↓
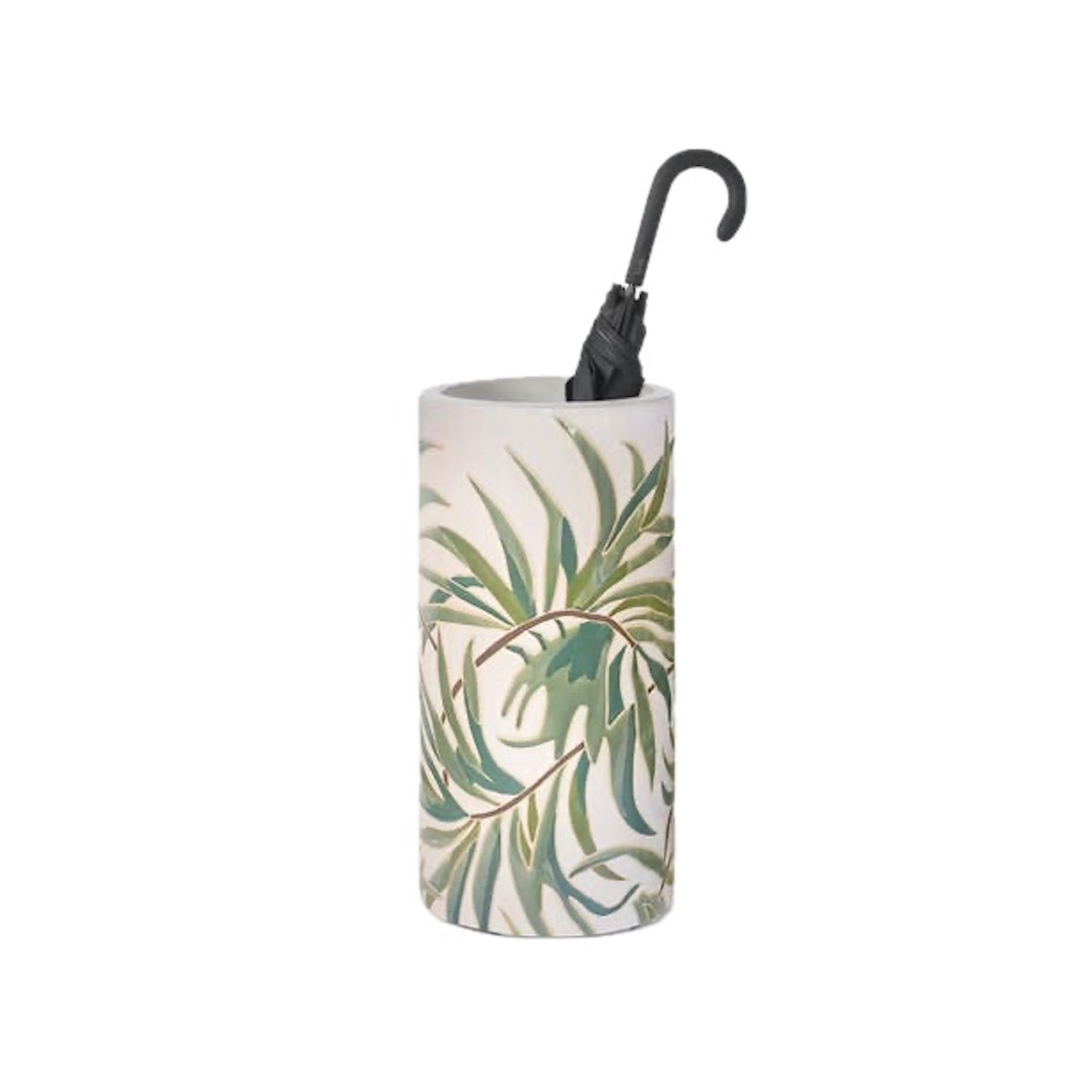 Invite the essence of the outdoors in with the Greenwood, a cylindrical, ceramic umbrella stand with a hand-applied pattern. Overlapping edges between the two colors gives each piece a unique touch.
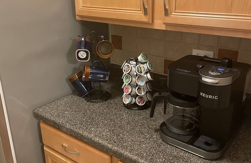 - Kitchen appliances including a microwave, waffle maker, coffee pot, tea kettle, and toaster.
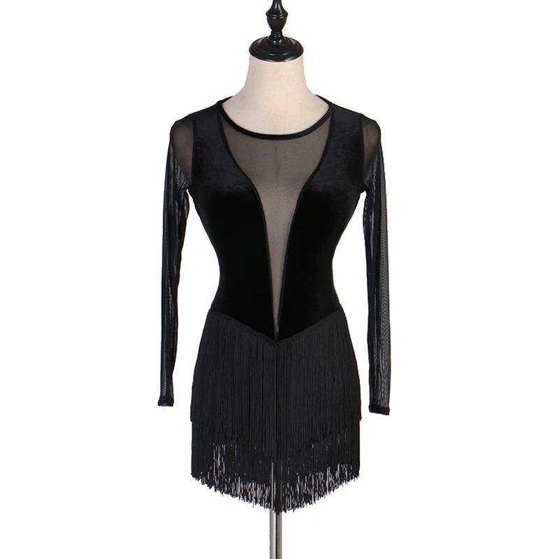 Платье с бахромой, женское Сетчатое, для латиноамериканских танцев, сценический костюм, сексуальная одежда для сальсы, румбы, танцевальная одежда, танцевальный наряд JL2621
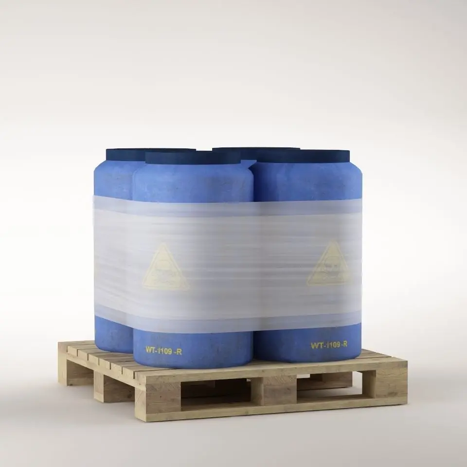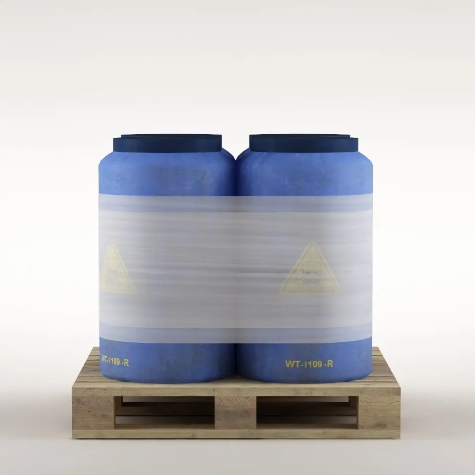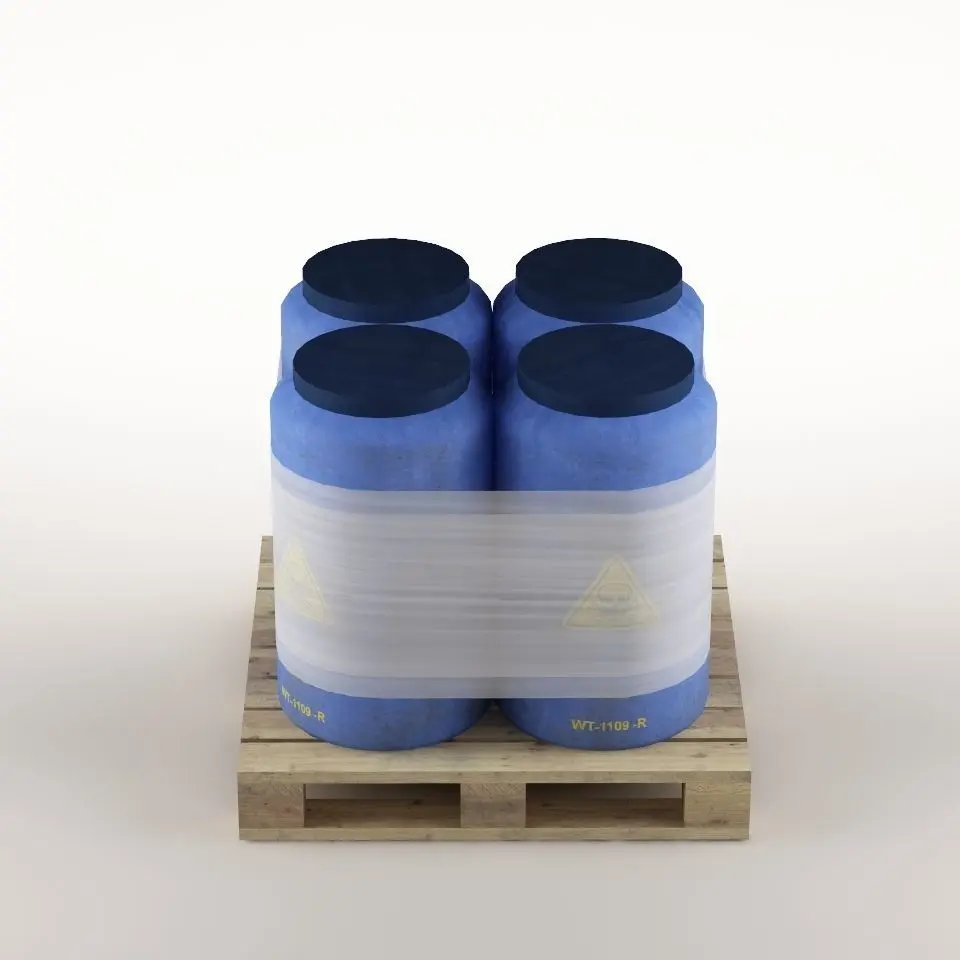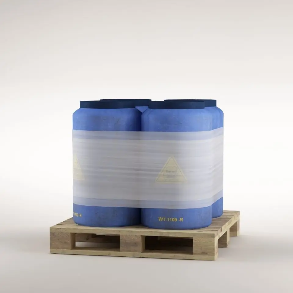 Lowpoly four plastic barrels placed on a wooden pallet wrapped in plastic foil.
↑
* Task to carry out *
From the listing, extract all text exactly as given and drop any picture.

* Answer section *
 Invite the essence of the outdoors in with the Greenwood, a cylindrical, ceramic umbrella stand with a hand-applied pattern. Overlapping edges between the two colors gives each piece a unique touch.
 - Kitchen appliances including a microwave, waffle maker, coffee pot, tea kettle, and toaster.
 Платье с бахромой, женское Сетчатое, для латиноамериканских танцев, сценический костюм, сексуальная одежда для сальсы, румбы, танцевальная одежда, танцевальный наряд JL2621
 Lowpoly four plastic barrels placed on a wooden pallet wrapped in plastic foil.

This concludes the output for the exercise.